From: David Elliott (dfe@infinite-internet.net)
Date: Sun Apr 02 2000 - 21:33:25 EST


"John Anthony Kazos Jr." wrote:

> Some of you are right. Some of you are wrong. Some of you are right in
> some circumstances. Irrespective of that...
>
> I have a Maxtor 40G (54098U8) and an M748LMRT mainboard. My BIOS locks up
> on autodetecting the drive. I followed the instructions in the manual for
> the drive and manually set the recommended values (16383/16/63) that were
> printed on the drive. In the BIOS setup, it now says the drive is around
> 8G. I restart, and I look above the LILO prompt. The BIOS spits out the
> numbers I put in (16383/16/63) but next to it correctly states that the
> drive has 40981M. I boot into Linux and it recognizes that it is over

Hmm.. that is interesting. It appears that your BIOS spits out the
16383/16/63 CHS but then is still reading the correct LBA capacity from the
drive.
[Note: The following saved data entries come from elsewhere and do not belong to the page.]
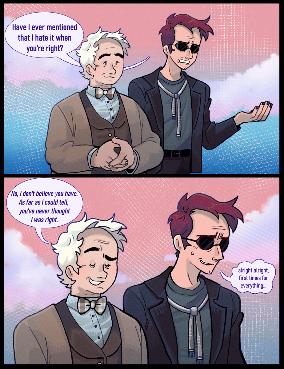 heres a sketchy good omens comic. lord knows crowley isnt going to let him run back in there, and azi's a bit too exhausted to fight him on it. #GoodOmensFanArt #goodomens
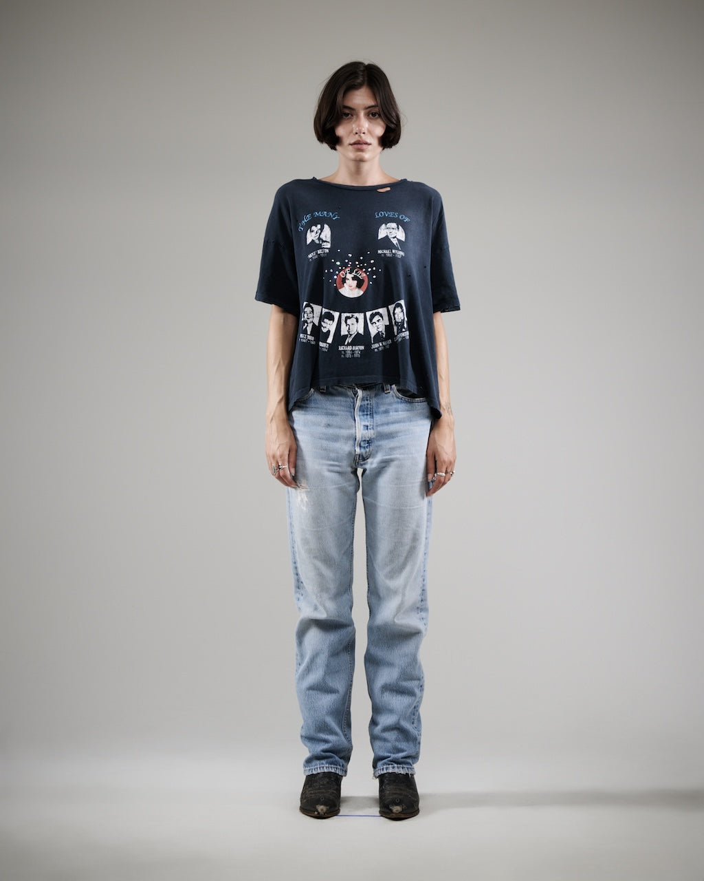 - Printed graphic authentically distressed at front with rhinestone accents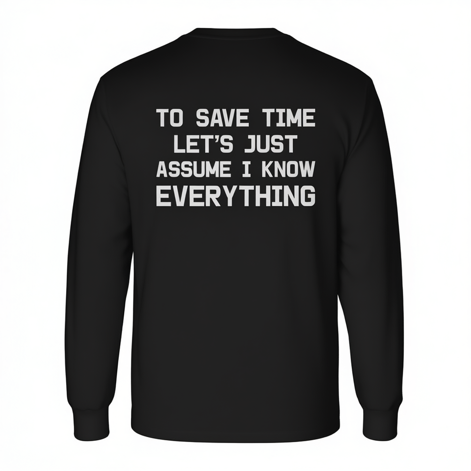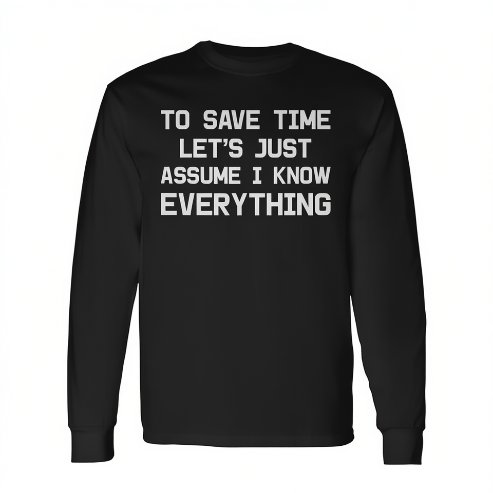 T-shirt a maniche lunghe per risparmiare tempo. Supponiamo che io lo so tutto. Maglietta grafica per adulti, unisex, girocollo, stampa serigrafica.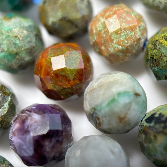 Shop our exquisite faceted round gemstone beads collection, where precision meets beauty in every facet. Whether you're searching for vibrant crystal beads, striking black opal, or the natural charm of rough stones, our selection has something to suit every style. Featuring a range of high-quality gemstones like quartz, labradorite, and amazonite, these beads are perfect for creating unique jewelry designs. Enhance your creations with beads that showcase the natural brilliance and color of each gemstone, making every piece you design stand out.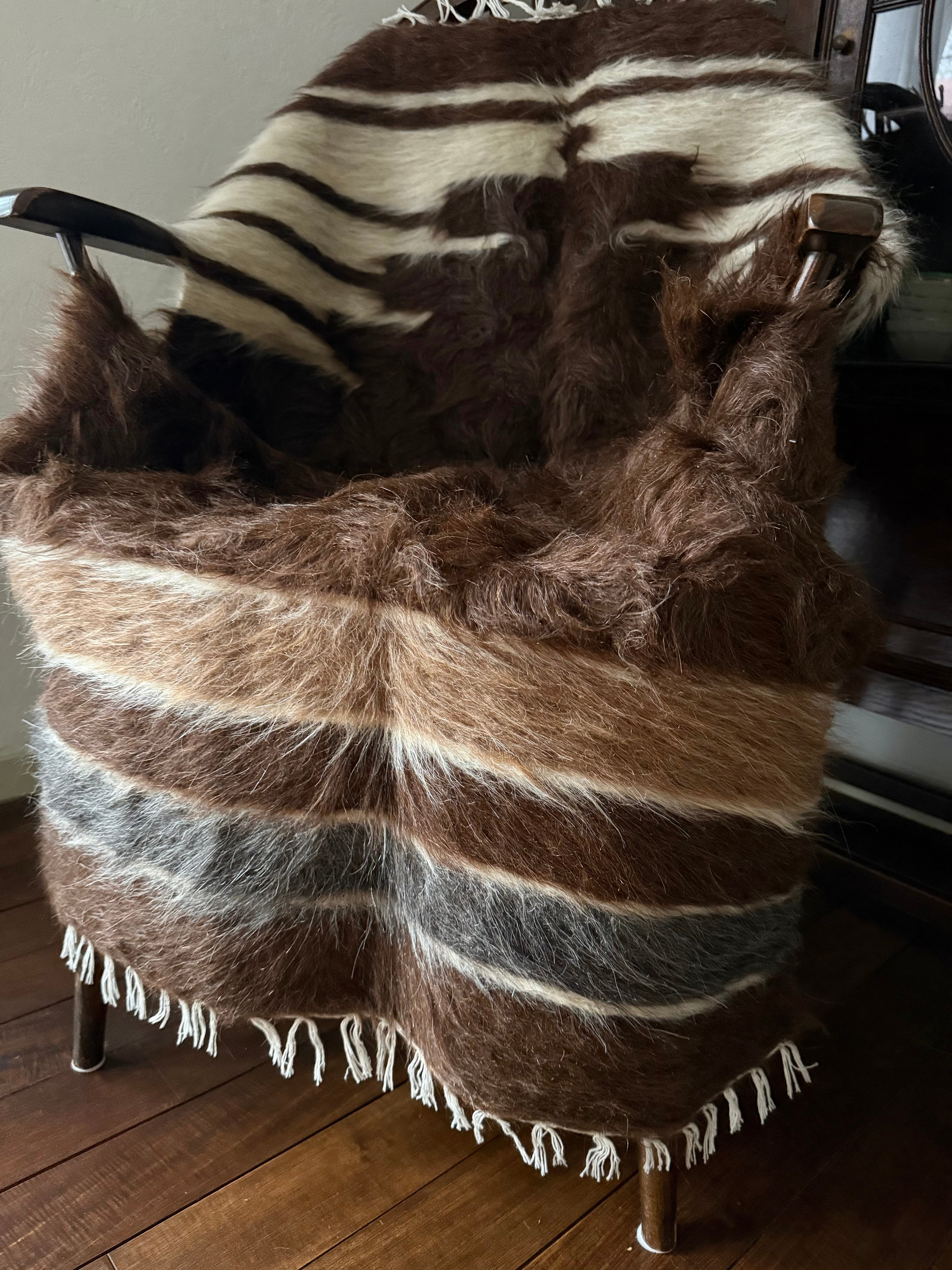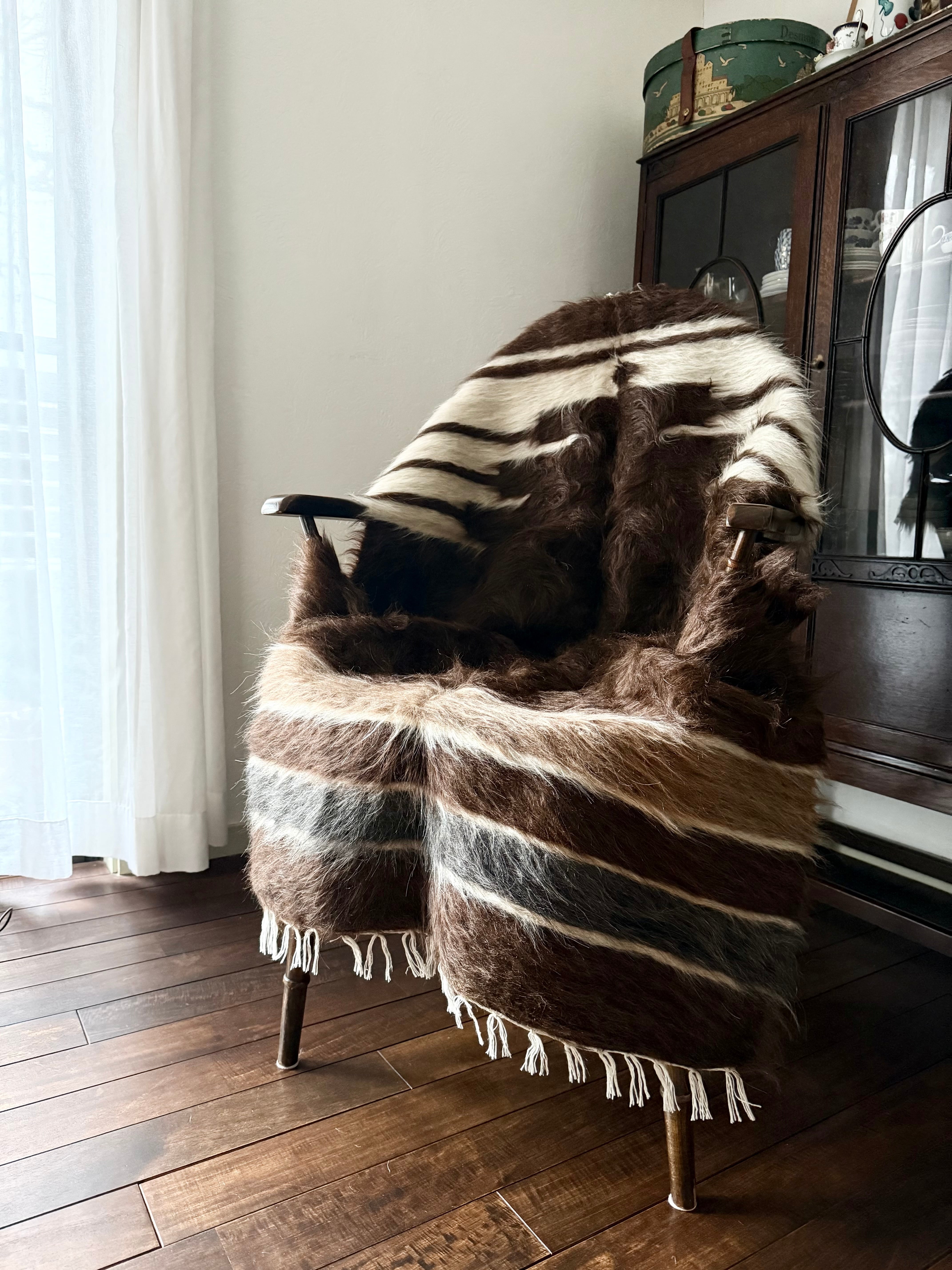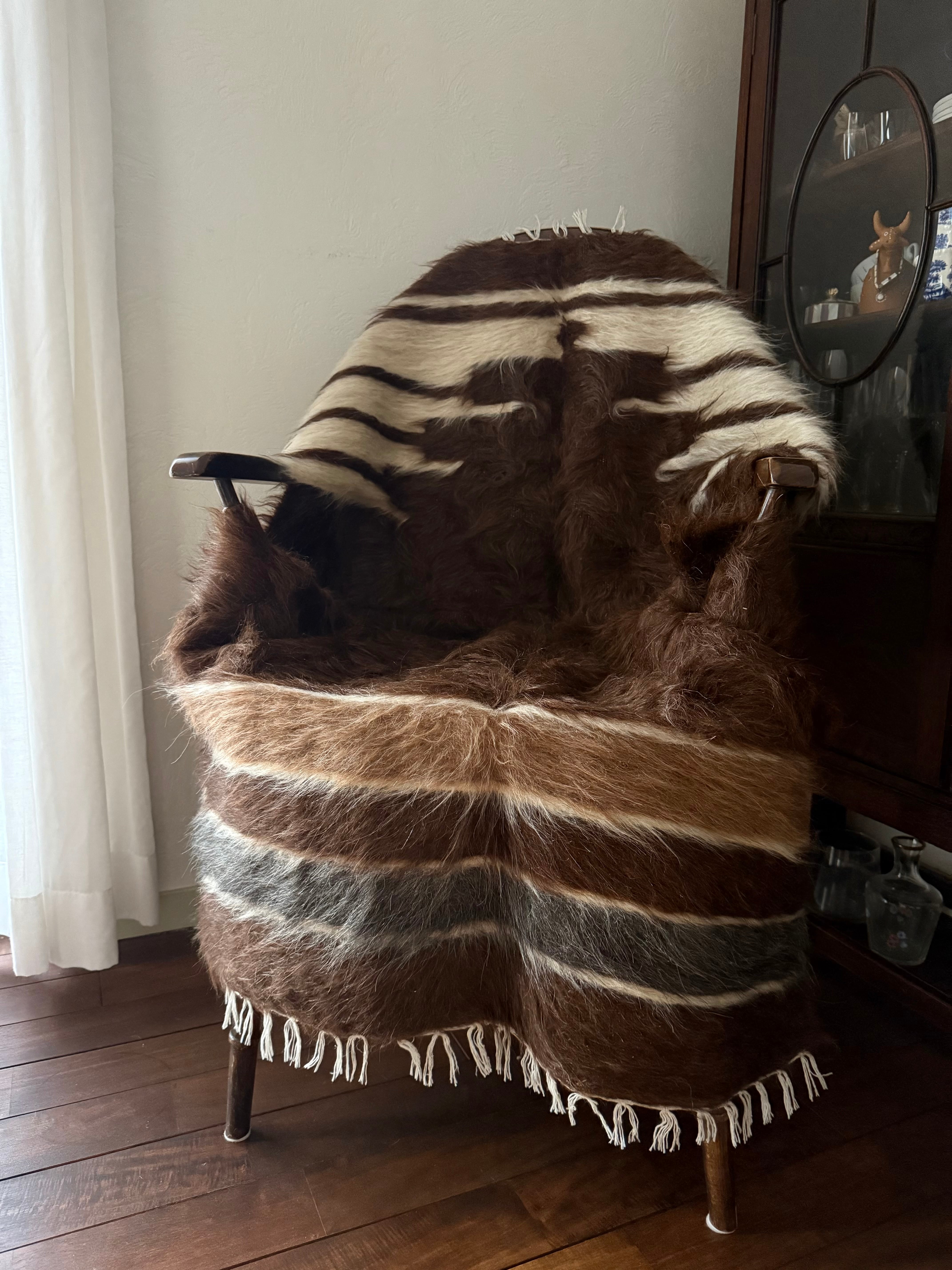 山羊の毛そのままの色を生かし、染めずに織られているバッターニエは、クリーム、黒、茶色、キャメル、グレーがメインの色合いです。

What is amazing is that unlike my BIOS, it is not locking up and
choking on the > 32 GB LBA capacity.

>
> 32G. However, I can't get the full capacity. I run fdisk and it gives the
> drive 4982/255/63 (about 38G). If I increase the cylinder count to the

That is correct: 4982*255*63=80035830 which is the number of sectors (512
bytes per sector). Of course that is technically a tad short since the drive
really has 80041248 sectors. Of course 4983*255*63 would yeild 80051895
sectors which would be over capacity! I think what is happening is you are
thinking.. okay: 4982*255*63=80035830*512 bytes per sector is 40978344960
bytes/1024/1024/1024 is 38.164057732 (to the correct number of 11 significant
figures). So you go OH MY GOD it's reporting it as 38 GB.... When in reality
all HD manufacturers use an even 1000*1000*1000 to market the drives. Now..
the number linux uses is the total LBA capacity which is
80041248*512=40981118976/1024/1024/1024=38.166641235 (again.. 11 sigfigs).
So your 40 GB drive really is supposed to report 38 GB. It is entirely
correct for the HD manufacturers to use the "giga" prefix as 1000000000
because in SI units, that is correct. I remember about a year ago a story on
slashdot of using the prefix miba and giba to mean 1048576 and 1073741824
respectively. That would reduce some confusion because you would then have a
40 gigabyte drive, but the computer would say 38.1 gibabyte drive, both of
which would be technically correct. Even worse though, 40GB==38.1GB in this
case if you like to abbreviate to the ambiguous GB label!!!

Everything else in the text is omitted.